Le TVB saisit la justice suite à l'affaire des cris racistes contre Nathan Wounembaina - AFP

En décembre dernier, lors d’un match de Coupe d’Europe contre l’Olympiakos, le joueur du Tours Volley Ball Nathan Wounembaina avait été victime de cris racistes. Déterminé à obtenir réparation, le club de Tours a annoncé avoir porté l’affaire devant la justice française.

Il en avait quitté le terrain écœuré. Le 6 décembre dernier, lors d’un match de Coupe d’Europe au Pirée face à l’Olympiakos, Nathan Wounembaina avait été la cible de cris de singe, proférés par les supporters grecs à chaque fois qu’il touchait le ballon. L’attaquant-réceptionneur du Tours Volley-Ball (TVB) avait alors quitté l’aire de jeu, avant de se faire expulser par l’arbitre. Débouté par la Confédération européenne (CEV), puis par la Fédération internationale (FIVB) en appel pour sa plainte au sujet de ces discriminations racistes, le TVB a annoncé avoir porté l’affaire devant la justice française.

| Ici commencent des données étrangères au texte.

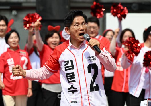 [이데일리 방인권 기자] 김문수 국민의힘 대선후보가 20일 서울 서초구 고속터미널 광장 유세에서 지지를 호소하는 연설을 하고 있다.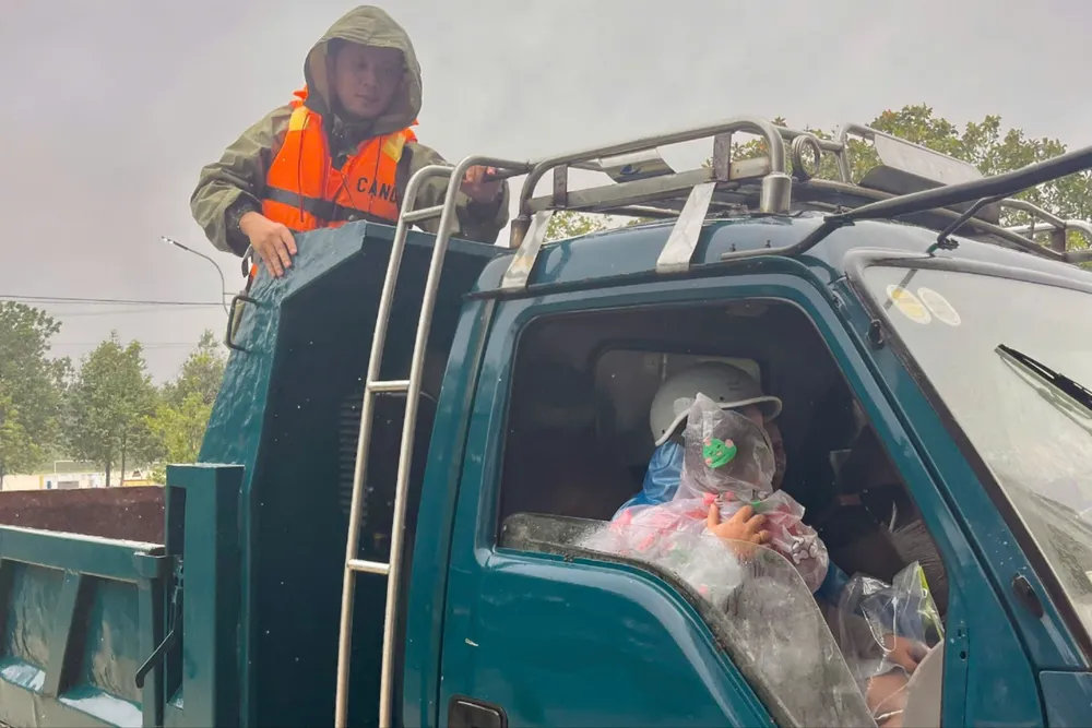 Lực lượng chức năng hỗ trợ sơ tán, đưa người dân ở khu vực xung yếu đến nơi an toàn.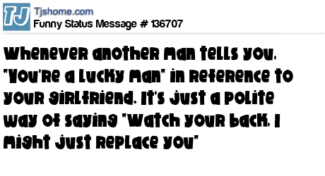 X says Whenever another man tells you, "You're a lucky man" in reference to your girlfriend. It's just a polite way of saying "Watch your back, I might just replace you"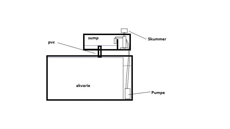 Så jeg har tænkt over om det kunne lade sig gøre at lukke hullerne i overløbet og smide en pumpe i der pumper vandet fra overløbet op i sumpen på skummeren og så lade det rene vand fra skummeren løbe ned igennem et hul i sumpen og ned i akvariet...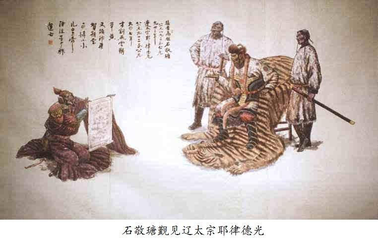 石敬瑭朴实稳重,寡于言笑。喜读兵书,重视李牧、周亚夫行事,隶属于后唐明宗李嗣源帐下,迎娶唐明宗李嗣源之女。参与后梁朱温与晋国李克用、李存勖"梁晋争霸",冲锋陷阵,战功卓著。明宗先后以敬瑭为保义、宣武、天雄、河阳、河东节度使。闵帝即位,加敬瑭中书令。不久闵帝被杀,后唐末帝李从珂即位后,拜为河东节度使,封为赵国公,赐号"扶天启运中正功臣",然而君臣相互猜忌,敬瑭遂与桑维翰、刘知远谋反。末帝下诏讨敬瑭。敬瑭以割地、称臣、称儿为条件,求契丹出兵相助。十一月,契丹主耶律德光立敬瑭为帝,国号晋,史称后晋。改元天福。后晋割幽蓟十六州给契丹,并每年献帛三十万匹。从此河北大平原无险可守。天福二年(公元937年),敬瑭迁都汴州。三年,升汴州为东京,置开封府,改洛阳为西京。他谄事契丹贵族,凡遇吉凶庆吊,都额外进奉金玉珍玩,契丹太后、太子、贵族、大臣,都有礼品赠送。敬瑭在位七年,连年发生兵乱。天福七年,吐谷浑部不愿降契丹,附于河东,契丹主因此责问敬瑭,敬瑭忧郁成疾而死。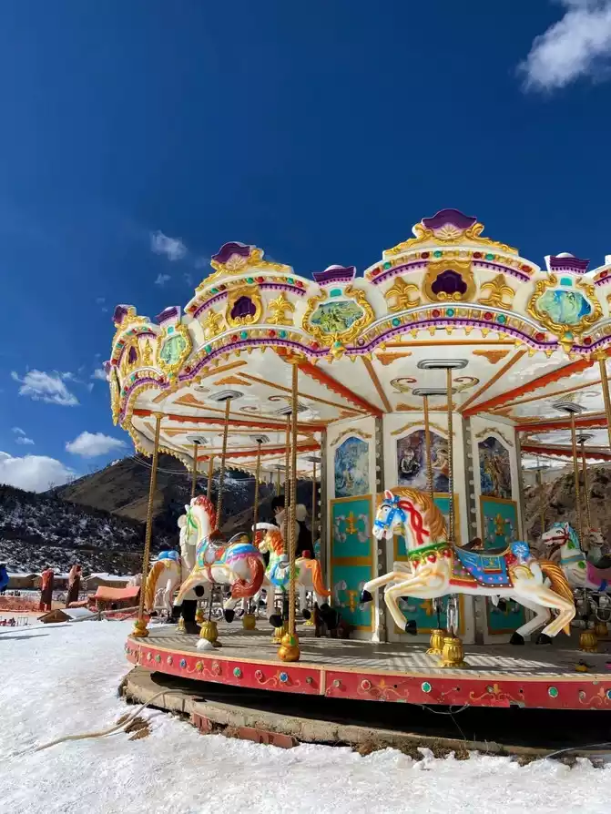 The first ski resort in Sichuan has relatively complete equipment and functions, and is smaller than other ski resorts, with many people and expensive skiing. The ski trails are divided into beginner/advanced, the difficulty coefficient is not large, and the slope is not very steep. Advanced is to ride the magic carpet to the top, and the treasure who can ski can go directly to the advanced level, and the ski trail is longer. The ski resort is located 800 meters walk next to the Leidongping boarding bus, no additional tickets are required, and entertainment items need to be paid.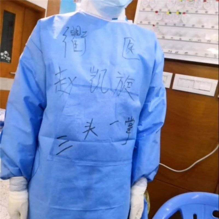 2月18日,援助武漢的第24天,趙凱旋和同在19樓的醫(yī)護(hù)人員“腦洞大開(kāi)”,紛紛把想吃的寫(xiě)在了防護(hù)服上。東坡肉、羊肉泡饃、胡辣湯……形形色色的家鄉(xiāng)風(fēng)味成了防護(hù)服上一道獨(dú)特的風(fēng)景。來(lái)自我們大衢州的趙凱旋,把衢州特色美食“三頭一掌”寫(xiě)在防護(hù)服前面。寫(xiě)的是美食,寄托的是對(duì)家鄉(xiāng)的想念。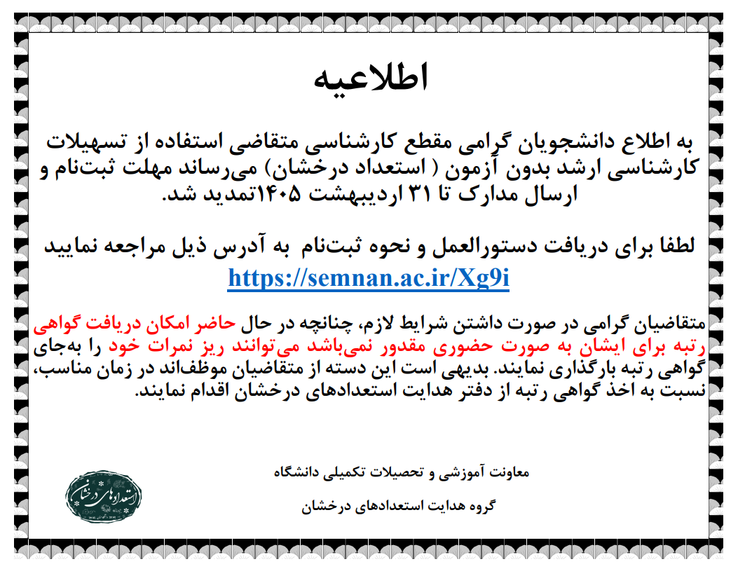 تمدید پذیرش بدون آزمون استعداد درخشان مقطع ارشد دانشگاه سمنان سال ۱۴۰۵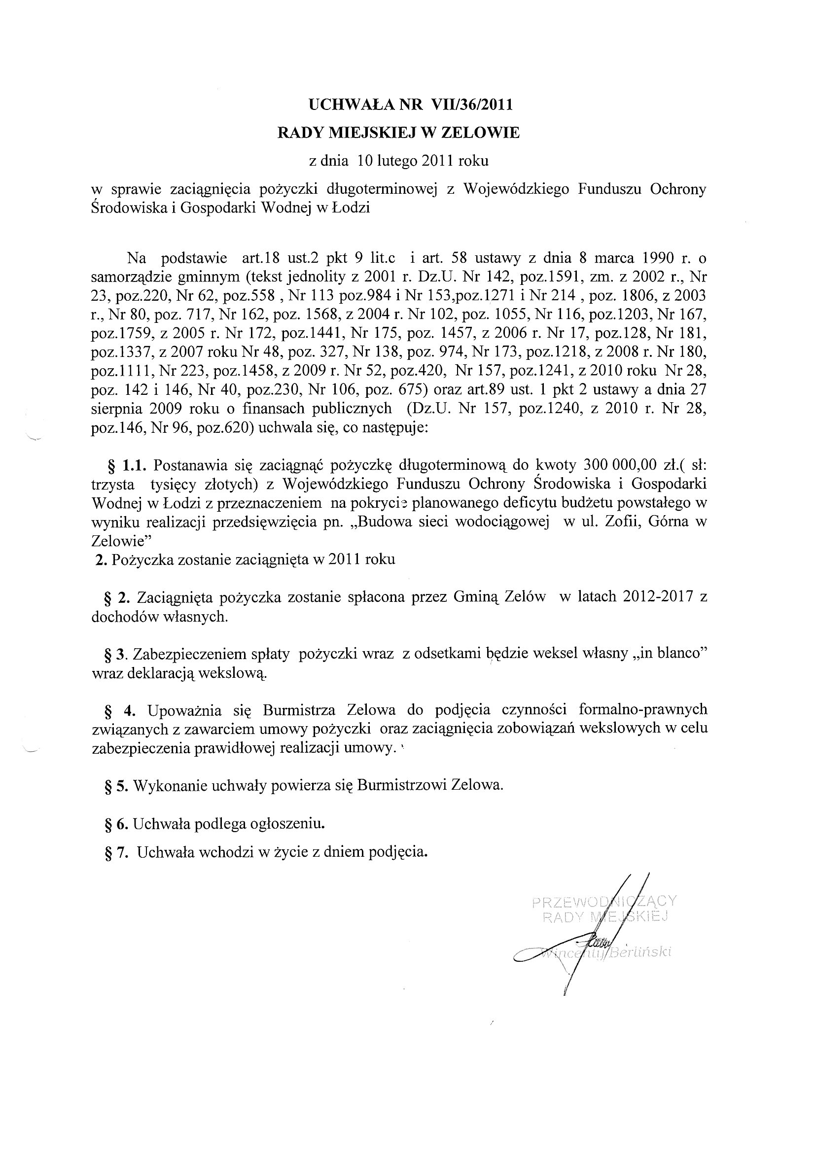 | Tytuł aktu prawnego - skrócony: | Uchwała w sprawie zaciągnięcia pożyczki długoterminowej z Wojewódzkiego Funduszu Ochrony Środowiska i Gospodarki Wodnej w Łodzi |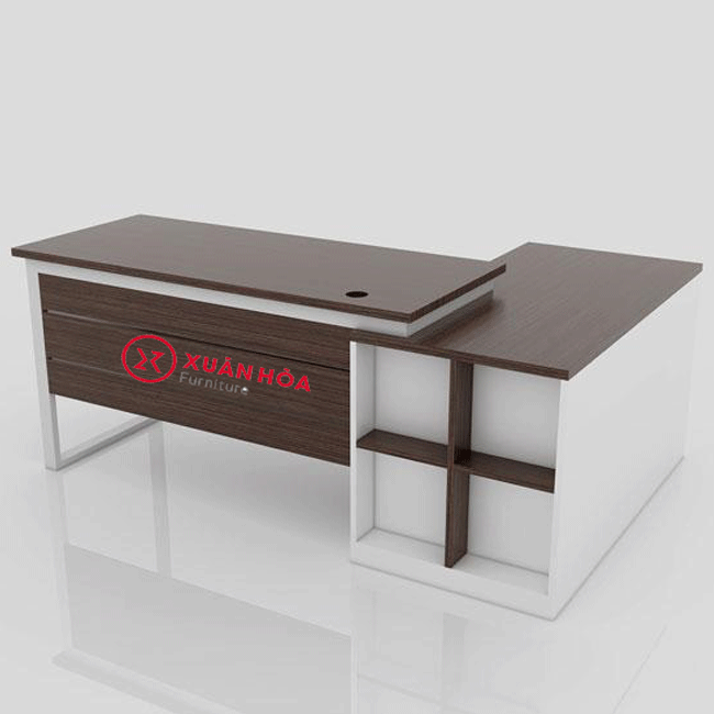 Mặt bàn chính và mặt bàn phụ có tone màu tối liền khối với hộc bàn phụ màu trắng tạo cảm giác chắc chắn, tin tưởng.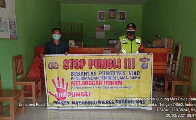 beritakalteng.com – KUALA KURUN – Personel Polsek Manuhing, Polres Gunung Mas jajaran Polda Kalteng, mensosialisasikan Peraturan Presiden nomor 87 tahun 2016 tentang Satuan Tugas Sapu Bersih Pungutan Liar atau Satgas Saber Pungli di wilayah hukumnya, Sabtu (20/2/2021) siang.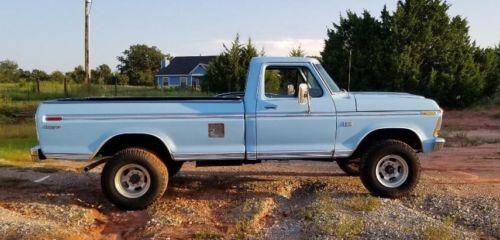 1974 Ford F250 Ranger. This truck is known as the "Highboy". (With 1979 front clip) 4WD 390 cubic inch V-8. C6 Automatic transmission. Air Conditioning, aftermarket CD radio. Manual locking hubs. This truck is tagged and runs/drives. Power assist steering (needs some work). 390 cubic inch V-8,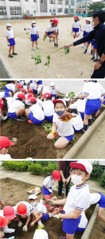 今日は2年生のさつまいもの収穫です。学習園でそだててきたサツマイモをほりだしました。たくさんのサツマイモが収穫できました。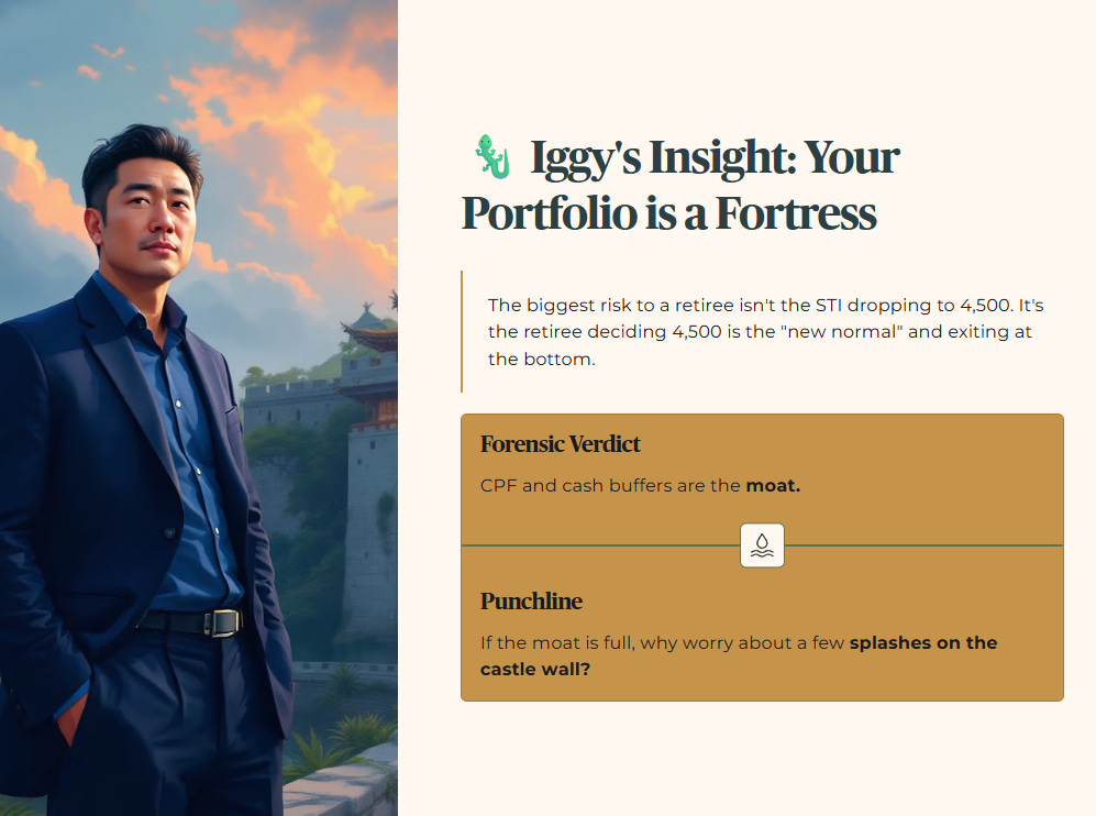 Your portfolio is a Fortress, but only if you stop opening the gate for the invaders. The biggest risk to a retiree isn’t the STI dropping to 4,500; it’s the retiree deciding that 4,500 is the “new normal” and exiting at the bottom. We have seen this movie in 2008, 2020, and now 2026. The plot never changes, only the actors.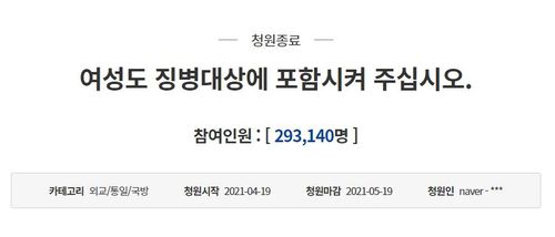 앞서 한 청원인은 출산율 감소로 군 병력 보충에 큰 차질을 빚고 있고 남성 징집률이 90%에 육박한다며 여성에 대한 징집제 도입을 검토할 것을 요구했고, 이에 29만명 이상이 동의했다.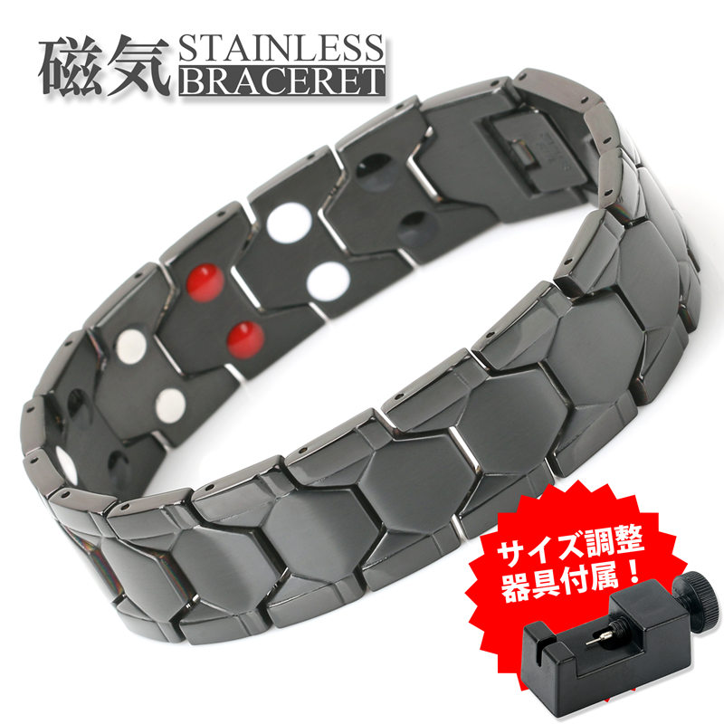 磁気ブレスレット メンズ ステンレス ブラック 黒 マッド つや消し 金属アレルギー対応 磁力 磁石 316L 調整器具付属 爆買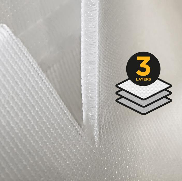 Perfect for heavy home use with its dual-layer durability. Experience top-notch 4K image quality from both sides of the screen. This duallayer screen extends its lifespan by allowing usage from either side. Crafted from a smooth, tight-weave polyester blend, it provides sharp images and increased durability.

"Face à l’inertie et le déni dont la CEV s’est rendue coupable suite aux cris de singe et autres discriminations dont M. Nathan Wounembaina a été la cible lors d'un match de Coupe d'Europe au Pirée, le TVB a décidé de ne pas en rester là eu égard à la gravité des faits, ainsi qu’aux valeurs qu’il a toujours défendues", a annoncé le club de Tours par voie de communiqué, lundi 19 février.

Le club tourangeau explique donc avoir assigné la CEV, ainsi que le club grec d'Olympiakos, devant le tribunal de grande instance de Tours, "notamment pour faire acter leurs fautes et obtenir réparation du grave préjudice moral et économique subi dans le cadre de cette lamentable affaire".

Par ailleurs, le TVB déplore que Nathan Wounembaina n’ait jamais reçu "le moindre courrier officiel d’excuses tant de la part de la CEV que du club d’Olympiakos, démontrant là le mépris dans lequel ils tiennent le joueur", concluant que "ce silence assourdissant résonne comme un aveu et montre le peu de cas qu’ils font du respect de la dignité humaine et de la nécessaire lutte contre le racisme".